QUESTION: On the Aegean incident, have you contacted Athens and Ankara to ask them to cool off or maybe advise them to solve their differences of the Aegean, so we avoid such crashes in the future, since they are both --
MR. MCCORMACK: In general have we talked to them about Aegean issues or --
QUESTION: Both, or the last couple of days or in general, what's your -- I mean, should they solve the differences and avoid that or --
MR. MCCORMACK: Well, with issues specifically related to the plane crash, we would hope that they are in contact so (a) they can learn exactly what happened and (b) from that take any steps that might be required so that there is not a repeat of it.
As for larger issues in the Aegean, that's for Greece and Turkey to resolve. I'm not aware of any particular contact that we have had with them on those issues. It's a small place. There are a lot of disputes about sea lanes and territory and all those sorts of things. And those are things that we would hope that over time Greece and Turkey would be able to work through.
QUESTION: Greece proposed to take the dispute to the international court in The Hague. What is your position on that?
MR. MCCORMACK: On which question, the F-16 question or the --
QUESTION: The Aegean issue.
MR. MCCORMACK: The Aegean issue, I'll have to ask our experts on this issue exactly what fora or forum we think is most appropriate. But certainly whatever forum a resolution might take place in, a prerequisite for that is bilateral contact on the issue.
QUESTION: Do you have anything more on the threats on Americans in Tokyo? They put out a Warden Message on --
MR. MCCORMACK: Yes, they were --
QUESTION: -- over the weekend, I guess --
MR. MCCORMACK: Yes, our embassy in Tokyo issued a Warden Message and the Warden Message read that the U.S. Embassy in Tokyo has learned of a possible threat against American facilities in Japan.

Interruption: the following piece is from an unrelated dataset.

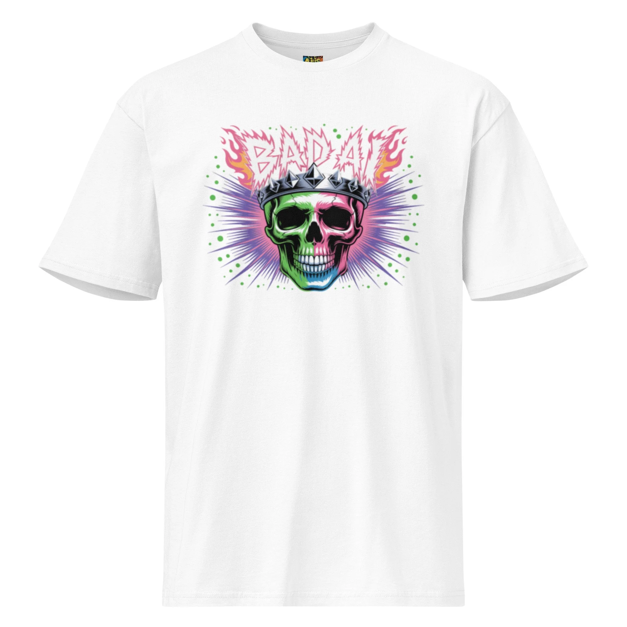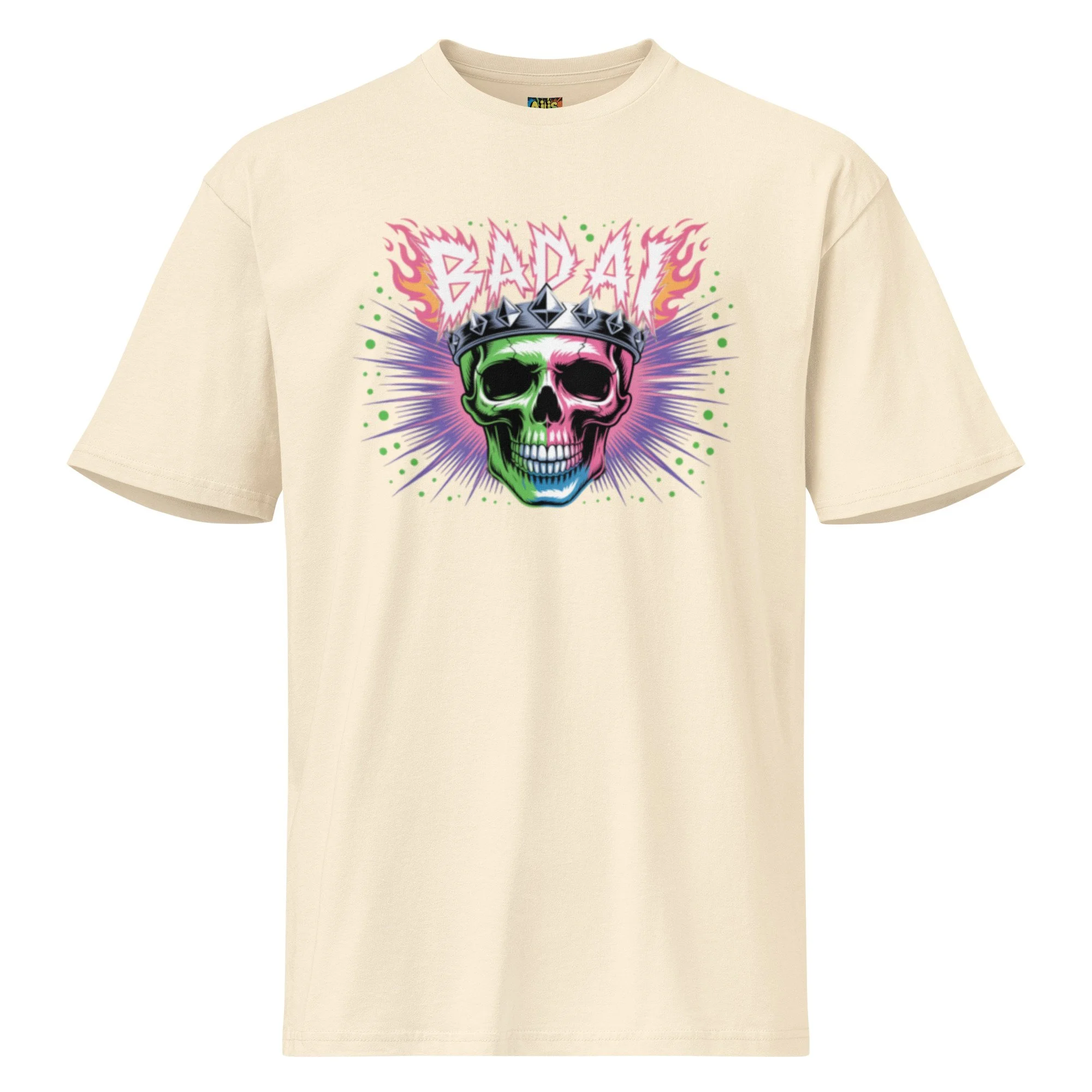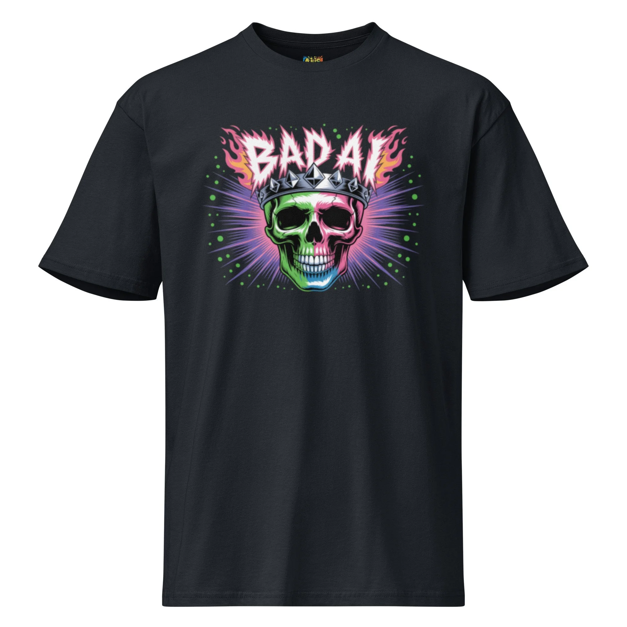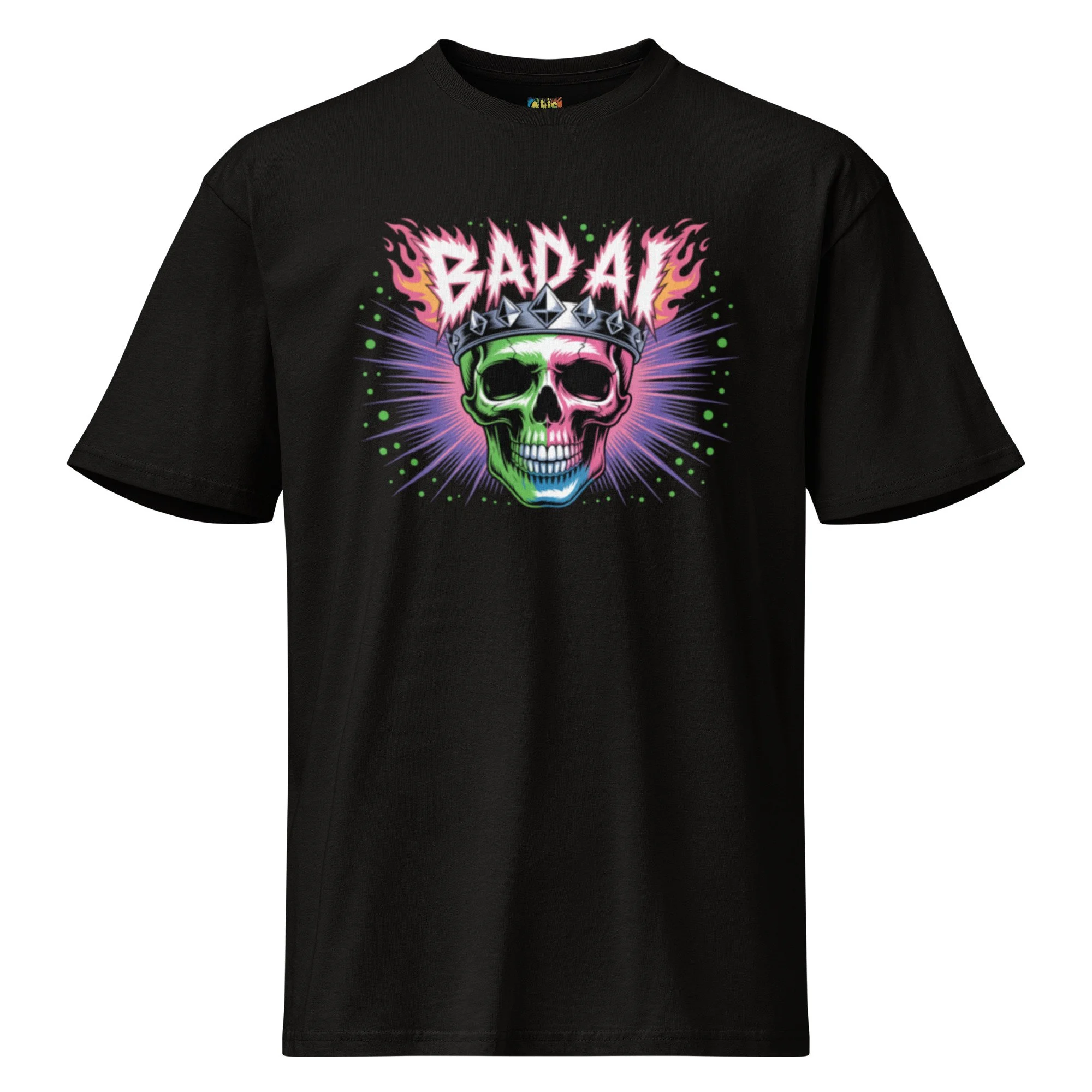 A neon-drenched skull wearing a spiked crown reigns over a digital explosion of green and purple. This high-voltage design is a centerpiece for any edgy AI clothing collection. Want a tee that balances premium comfort with everyday versatility? Men’s Premium Short Sleeve Tee delivers a clean, classic fit with a soft yet durable feel. Designed with a smooth surface and reinforced construction, it’s perfect for daily wear, layering, and high-quality prints, a reliable go-to you’ll reach for again and again.

The credibility of which has yet to be determined. Given the upcoming Memorial Day holiday, we advise American citizens to exercise caution and report any suspicious activities to authorities.
I don't have any other details that I can offer you in public about these threats. Our Embassy, when they -- our Embassy or our State Department Diplomatic Security personnel, when they receive these kind of threats, they assess them. The leadership of the Embassy assesses the information. They take what steps they think are required based on the kind of threat it is. In this case, they decided that they needed to at least alert Americans in Japan, that there were these non-specific threats against American facilities. I understand that our Embassy was open for operations today and that we're in contact with Japanese officials on it. But beyond that, I don't have anything else that I can offer.